**YOUR ASSIGNMENT**. Every line between the one containing "Antique Postcard RPPC" and the last line of the data, both included, is to be set down exactly, and pictures are to be omitted.

(PROVIDED DATA)

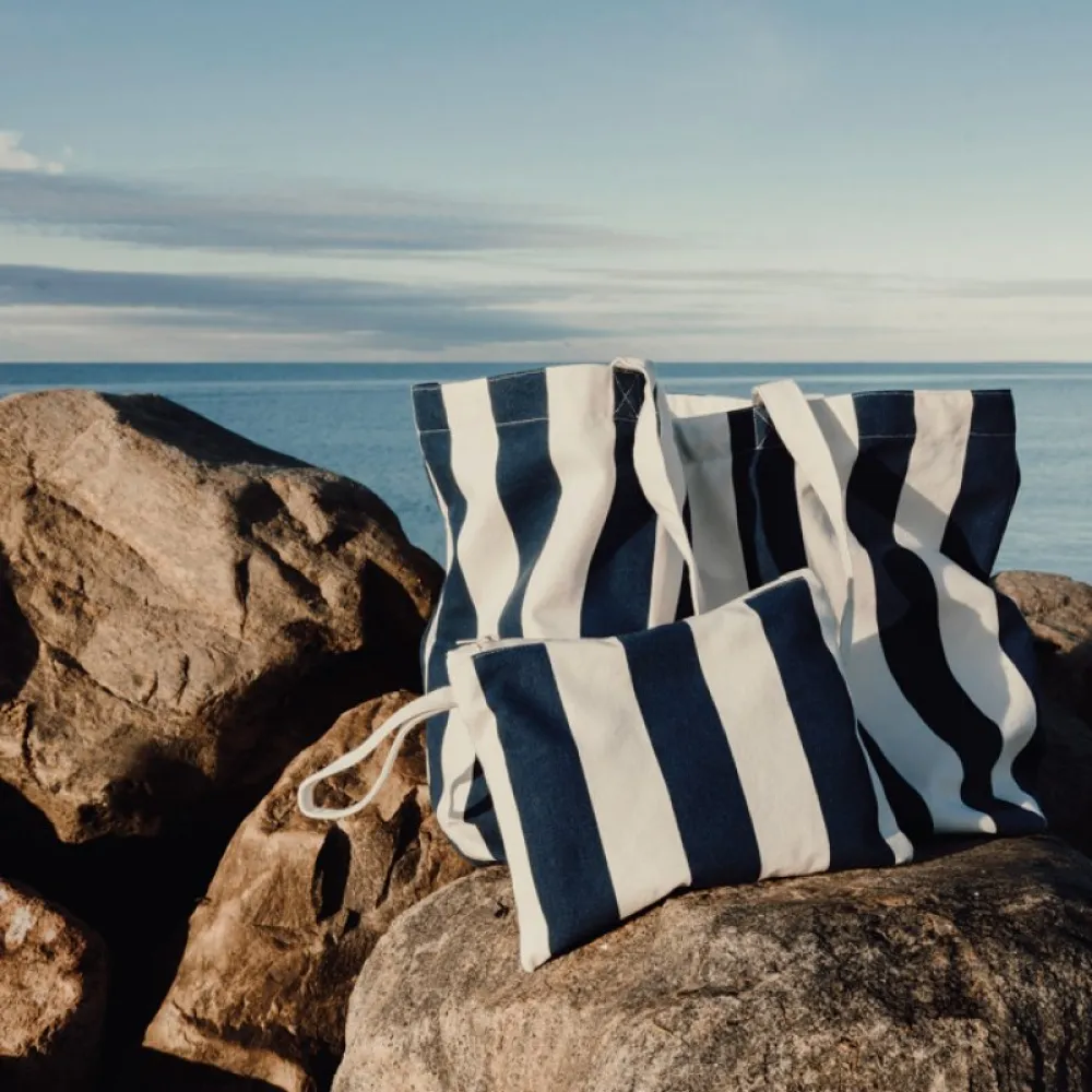 Designed with a classic two-coloured striped pattern in 390 GSM canvas. Certified by GRS (Global Recycled Standard), GRS certification guarantees that the entire supply chain of the recycled materials is certified.
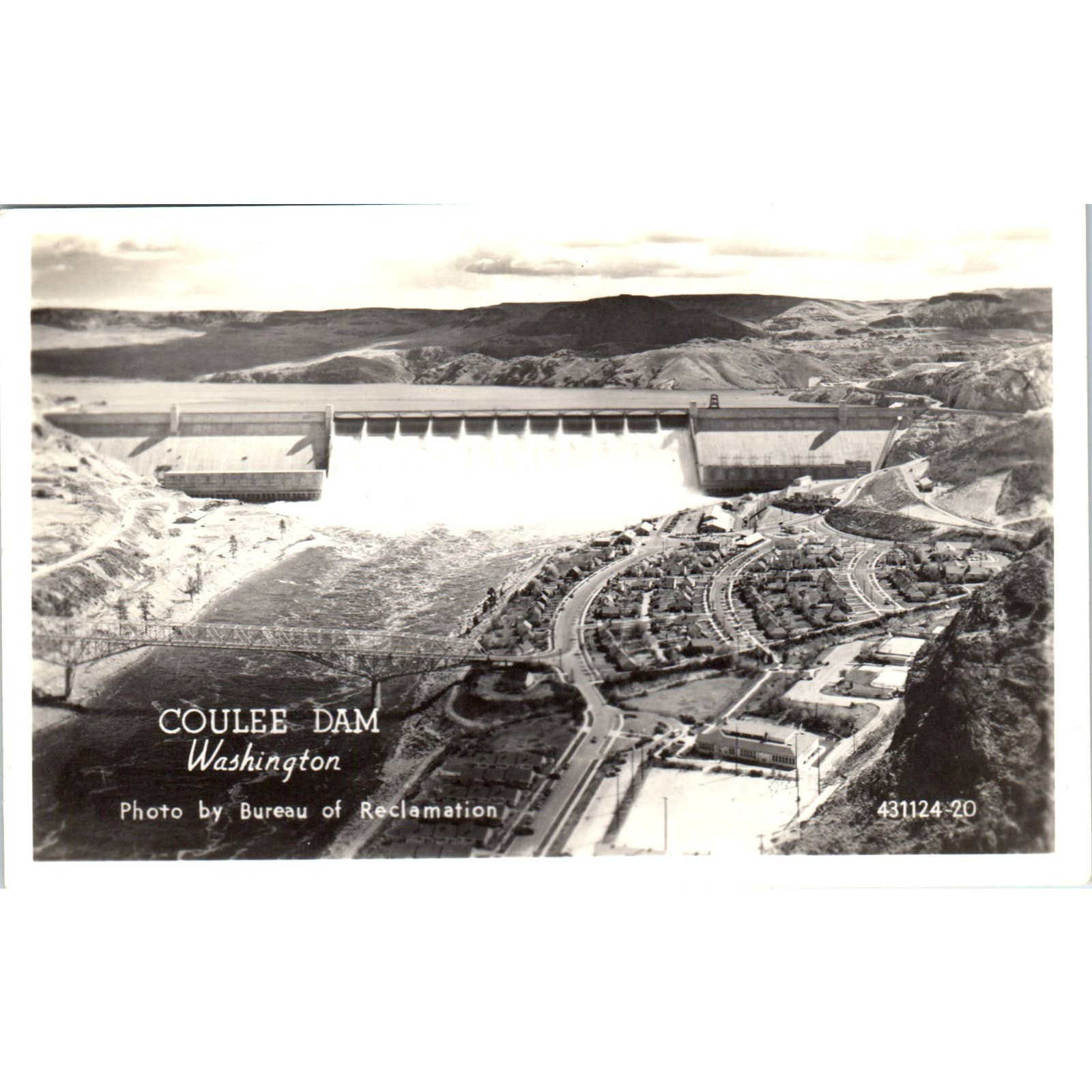 Antique Postcard RPPC Aerial View At Grand Coulee Dam Washington TD9
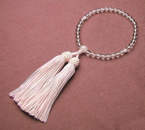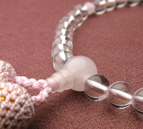 [ゆうパケットOK]水晶 ローズクウォーツ仕立 ピンク色房(正絹頭付)【念珠・数珠・女性】
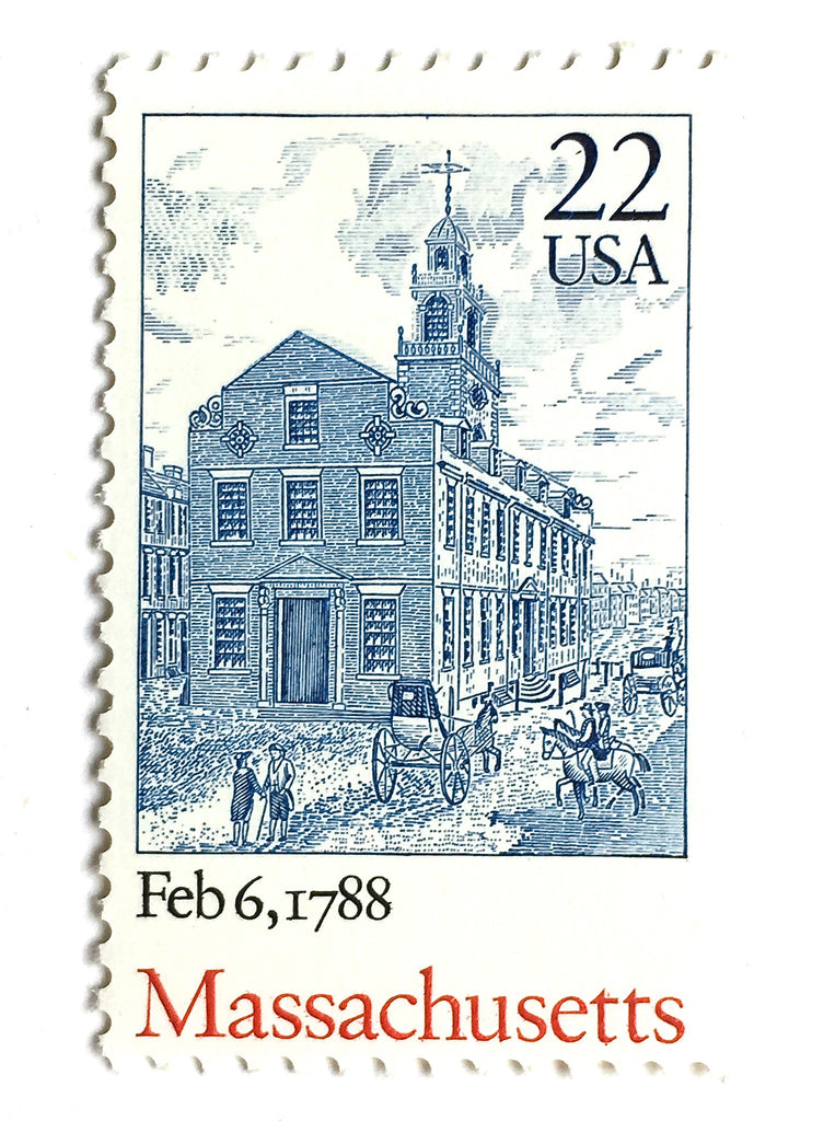 10 Vintage Boston Stamps // Massachusetts Postage Stamps // Blue Colonial Era New England // 22 Cent Vintage Stamps for Mailing

(End PROVIDED DATA)

**EXERCISE OUTPUT**.
 Antique Postcard RPPC Aerial View At Grand Coulee Dam Washington TD9
 [ゆうパケットOK]水晶 ローズクウォーツ仕立 ピンク色房(正絹頭付)【念珠・数珠・女性】
 10 Vintage Boston Stamps // Massachusetts Postage Stamps // Blue Colonial Era New England // 22 Cent Vintage Stamps for Mailing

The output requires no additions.